*** Opening Exercise material ***
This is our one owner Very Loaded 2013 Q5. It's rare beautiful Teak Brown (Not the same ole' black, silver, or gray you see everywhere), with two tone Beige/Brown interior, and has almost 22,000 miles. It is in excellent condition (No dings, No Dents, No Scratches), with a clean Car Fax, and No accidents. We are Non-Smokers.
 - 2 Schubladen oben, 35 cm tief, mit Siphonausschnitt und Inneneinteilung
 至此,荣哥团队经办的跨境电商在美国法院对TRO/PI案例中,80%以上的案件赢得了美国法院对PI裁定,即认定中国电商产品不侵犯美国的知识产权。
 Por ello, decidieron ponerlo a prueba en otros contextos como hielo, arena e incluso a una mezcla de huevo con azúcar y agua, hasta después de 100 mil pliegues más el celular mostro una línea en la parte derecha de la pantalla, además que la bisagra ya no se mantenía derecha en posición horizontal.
*** Closing Exercise material ***
*** Opening Exercise material ***
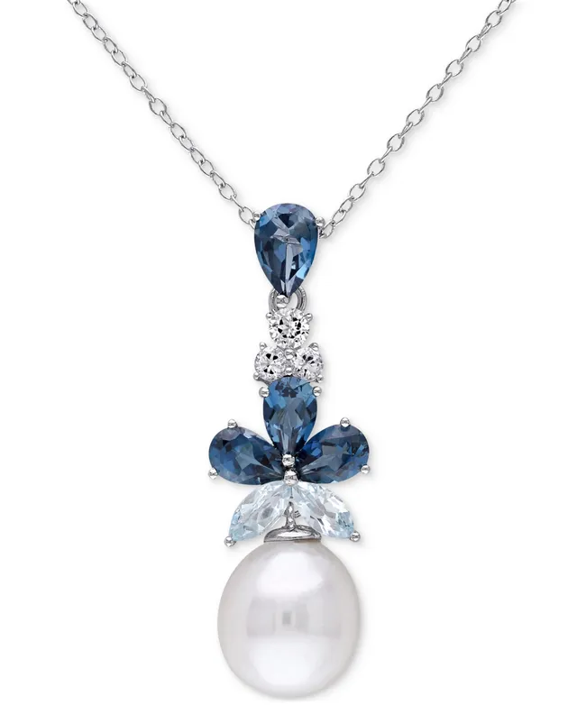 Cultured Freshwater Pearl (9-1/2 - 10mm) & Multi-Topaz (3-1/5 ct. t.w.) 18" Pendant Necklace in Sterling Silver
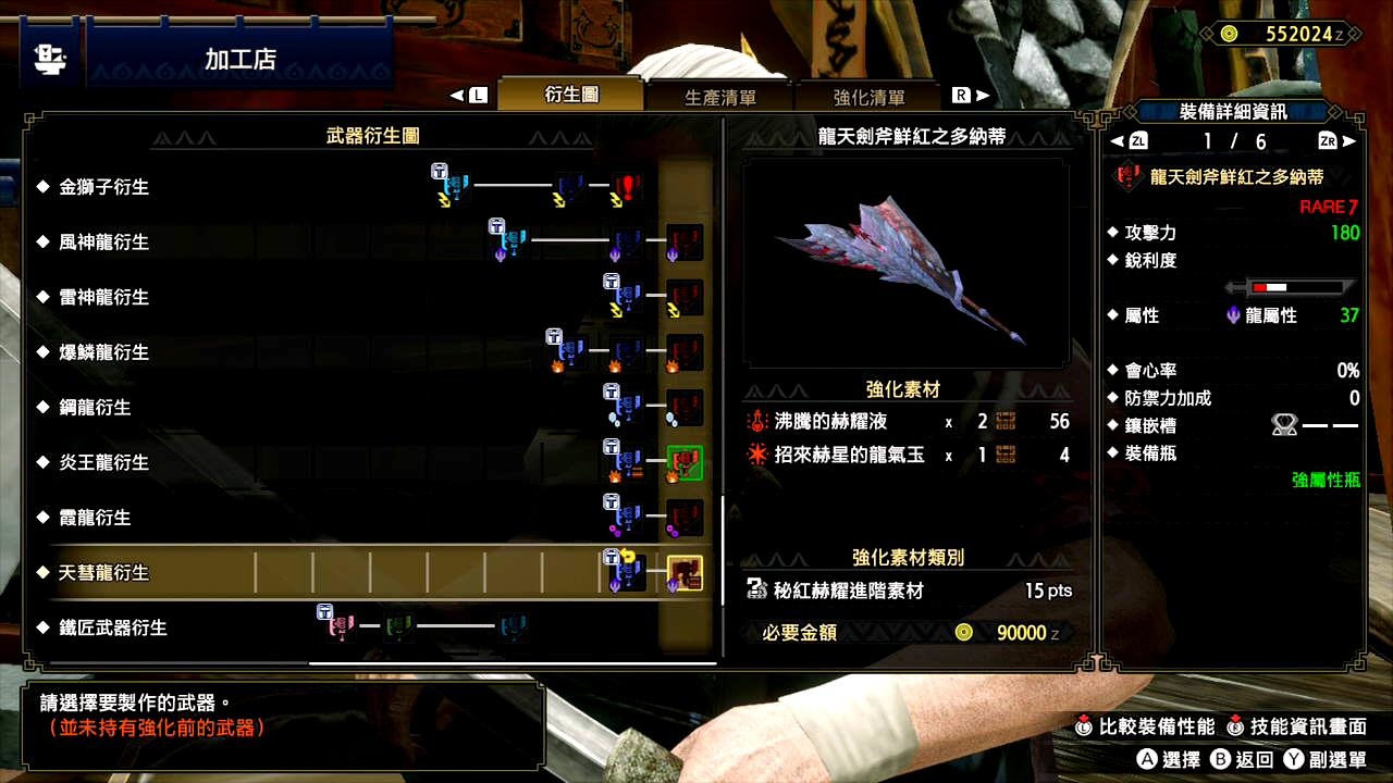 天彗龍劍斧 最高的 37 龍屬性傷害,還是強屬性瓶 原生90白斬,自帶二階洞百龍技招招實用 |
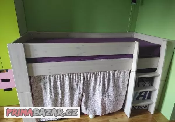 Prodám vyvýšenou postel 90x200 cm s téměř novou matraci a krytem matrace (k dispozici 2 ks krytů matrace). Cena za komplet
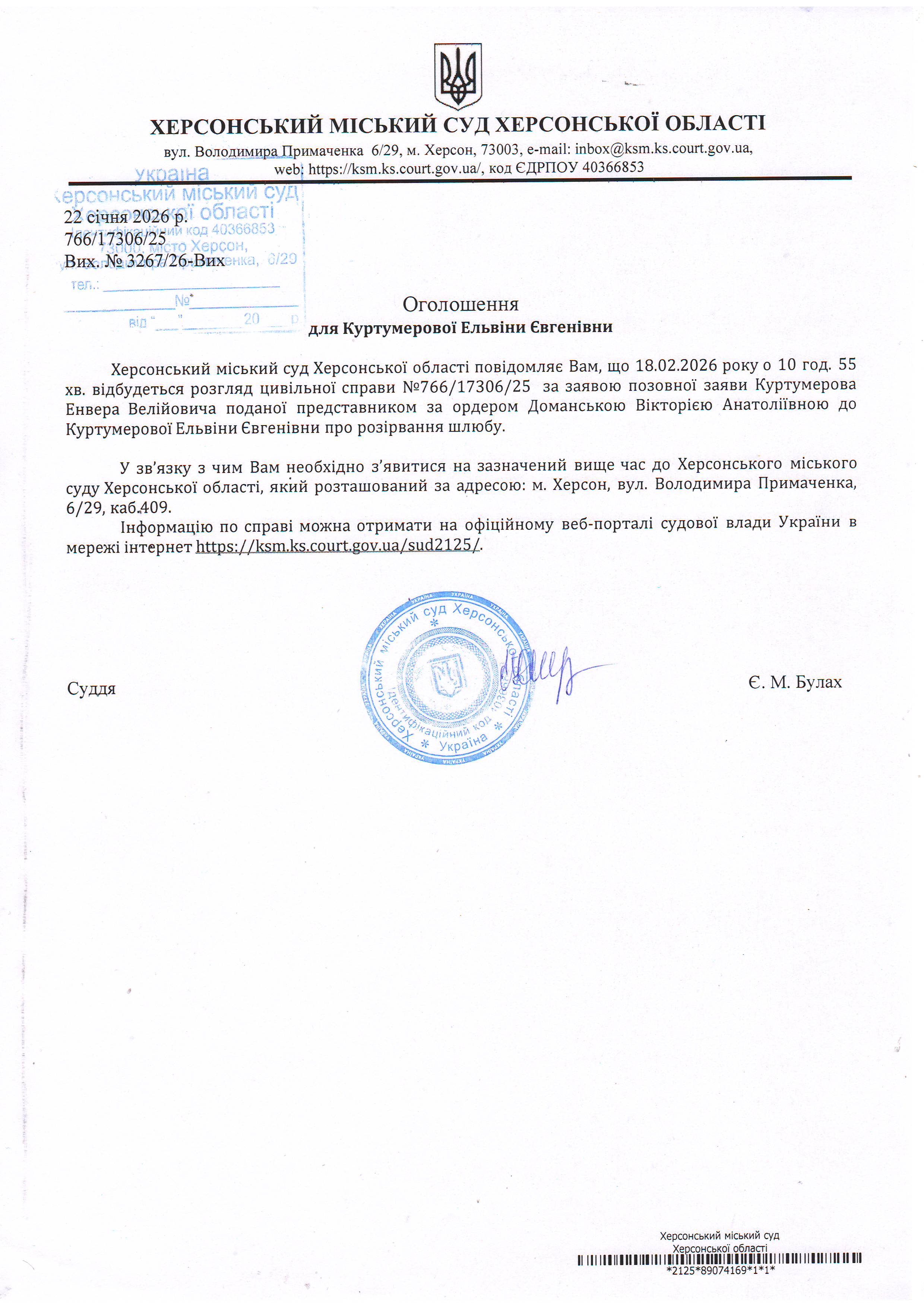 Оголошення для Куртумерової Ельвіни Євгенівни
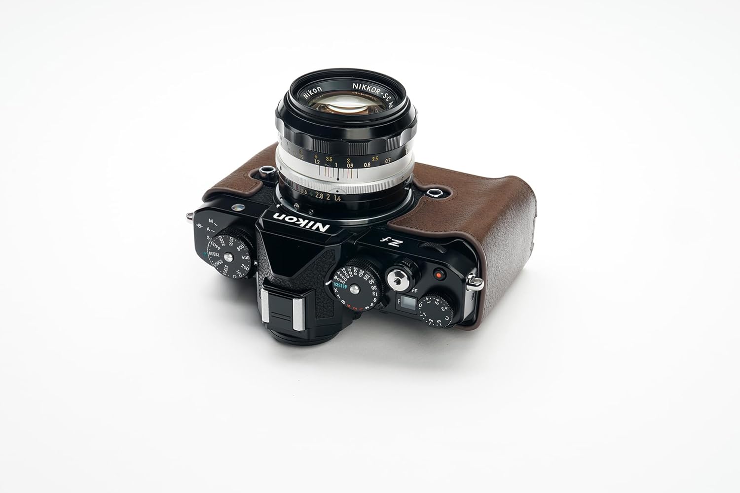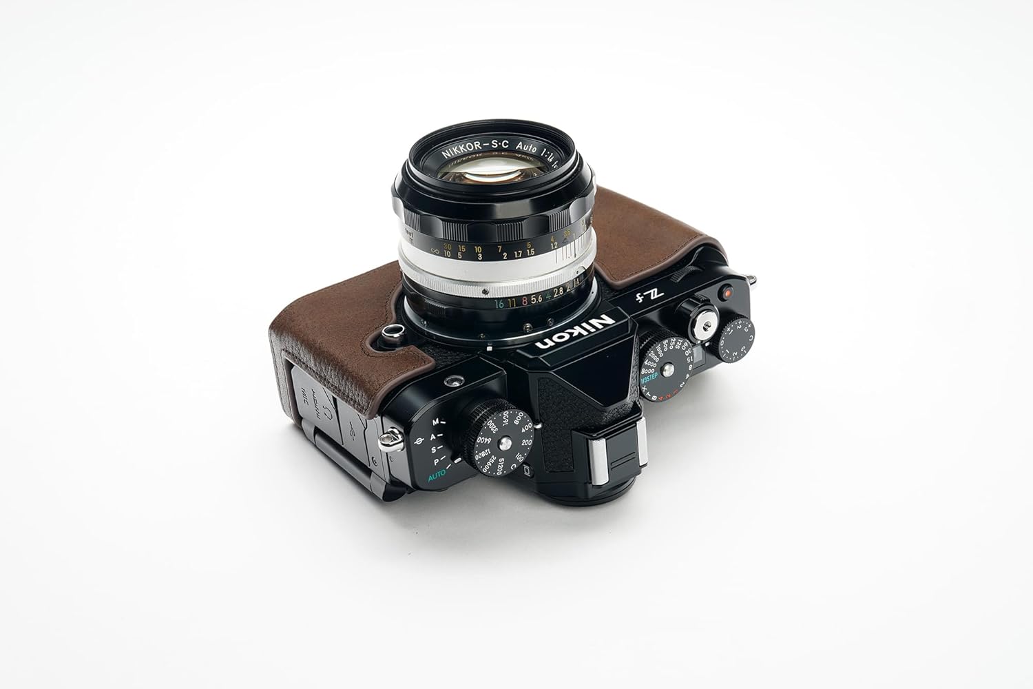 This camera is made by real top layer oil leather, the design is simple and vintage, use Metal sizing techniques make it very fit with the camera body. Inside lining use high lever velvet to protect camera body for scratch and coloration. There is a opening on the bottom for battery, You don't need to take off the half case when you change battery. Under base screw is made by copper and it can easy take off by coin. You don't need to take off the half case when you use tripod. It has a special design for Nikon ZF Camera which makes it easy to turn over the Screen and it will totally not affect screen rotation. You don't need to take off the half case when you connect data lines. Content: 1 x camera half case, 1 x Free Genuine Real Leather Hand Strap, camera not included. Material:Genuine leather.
*** Closing Exercise material ***
Set down again, word for word, every line from the one with "天彗龍劍斧 最高的 37" to the one with "Оголошення для Куртумерової" in the entries above, and omit the pictures.

• Expected answer:
 天彗龍劍斧 最高的 37 龍屬性傷害,還是強屬性瓶 原生90白斬,自帶二階洞百龍技招招實用 |
 Prodám vyvýšenou postel 90x200 cm s téměř novou matraci a krytem matrace (k dispozici 2 ks krytů matrace). Cena za komplet
 Оголошення для Куртумерової Ельвіни Євгенівни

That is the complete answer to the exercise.